Wednesday, May 11, 2011

Adaptive Pressure Control Ventilation and Severe Sepsis a Grueling Combination

Mentioned in previous postings Adaptive Pressure Control (APC) should be used cautiously in patients with high inspiratory drives. In patients with sepsis APC can become problematic by weaning the driving pressure prematurely due to a vigorous respiratory drive associated with lactic acidosis. The lower driving pressures will not efficiently off load the respiratory muscles leading to increased work of breathing, ventilatory muscle fatigue, and may initiate lung injury. 

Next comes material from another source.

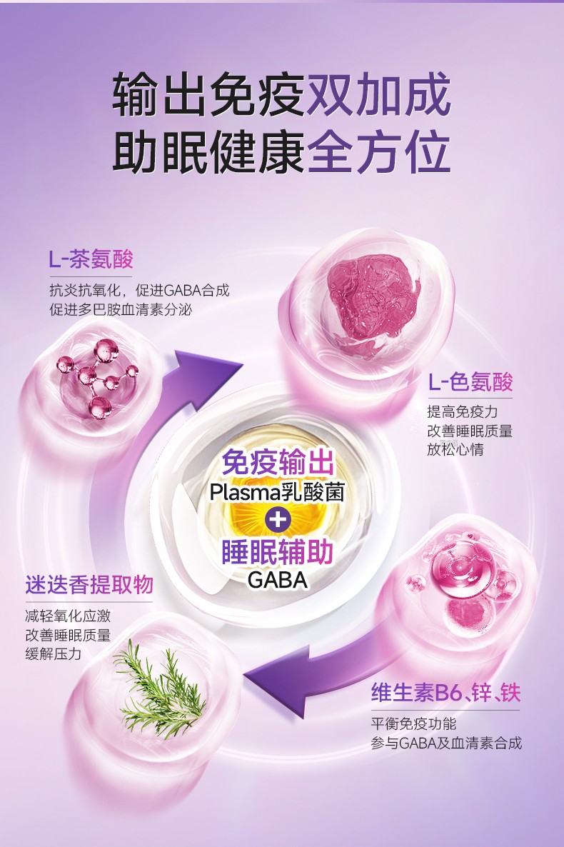 此外还复配了维生素B6、锌、铁,进一步平衡免疫功能,帮助提升睡眠和改善情绪。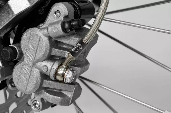PTFE Wąż z przewodowym warkoczem ze stali nierdzewnej, która jest chroniona trwałym i lekkim pokryciem PVC., Banjo ze stali nierdzewnej stosuje się do wyeliminowania wszelkiej możliwej korozji. Instrukcje., Linie hamulcowe plecione ze stali nierdzewnej eliminują to モ gąbczaste ヤ uczucie standardowych plastikowych linii hamulcowych.

Provided are two examples of APC utilized in sepsis patients:

Case 1

5’-1” female patient with the following ventilator settings:

Mode- APC, Set Frequency 14, I-time 1.0 second, Set Tidal Volume 500 ml, FiO2 45%, PEEP +5 cmH2O.

A mean measured peak inspiratory pressure for 36 hours was 15 cmH2O.  (A low PIP is an indication of an excessive inspiratory drive).

Initial ABG: pH 7.24, paCO2 20, PaO2 112, HCO3 8.7, BD -19 (measured minute ventilation of 16.3)

Patient appeared very uncomfortable presenting with diaphoresis, nasal flaring, and accessory muscle use. The Airway Occlusion at 0.1 second was assessed to evaluate the patients work load of inspiration.

The patients P0.1 measured were -5.7 to -5.2 indicating a large inspiratory effort or increased central drive. This large effort may be due to pain or agitation so the patient should be assessed further.

One way to assess if the large inspiratory effort is due to work of breathing is to increase support and reevaluate the patient & P0.1 for changes.

Patient was switched to PC-CMV to provide a fixed driving pressure. The patient’s tidal volume dramatically increased, this is common with the vigorous inspiratory efforts. The tidal volumes should become smaller as the patients work of breathing decreases and the muscles off-load.

Also assess the respiratory rate, the respiratory rate should slow down if the discomfort is due to purely work of breathing (this is a key finding). If the high drive is due to agitation or pain the respiratory rate will remain the same.

The patient’s frequency decreased from a rate of 25-to-20 and tidal volume started to decrease. This indicates that the respiratory muscles are off-loading and work of breathing is decreasing. The patient’s agitation was most likely due to work of breathing.

Once again evaluate P0.1 to compare if the new settings have decreased the inspiratory effort.

The Airway Occlusion at 0.1 second was reevaluated to compare the ventilator modes, settings, and patient’s comfort level.

The P0.1 measurement changed dramatically in a short amount of time (~ 3 minutes). The P0.1 changed to -1.9 cmH2O associated with a low level of muscular inspiratory activity.

This demonstrates that the patient experienced a large amount of inspiratory work when ventilated with APC.

The patient remained ventilated on PC-CMV over night.


pH 7.39, paCo2 19.1, paO2 210, HCO3 11.6, BD -13

Case 2

Male patient with a diagnosis of sepsis.

Ventilator settings: Mode- APC, RR-14, Vt- 550, PEEP +5, FiO2 90%.

Measured PIP 15 cmH2o

Measured rate-30

Measured P0.1 was -4

ABG: pH 7.33, PaCO2 25.2, PaO2 51, HCO3 13.3, BD -13

Changed mode of ventilation to PC-CMV, with a pressure setting of 20 cmH2O, set frequency 25 (to off load spontaneous efforts).

Measured P0.1 with these changes was -2.2

Switched patient back to initial settings for a comparison, and the measured P0.1 was -6.6 after the change.

Findings were discussed with attending physician, and the patient was placed back on PC-CMV.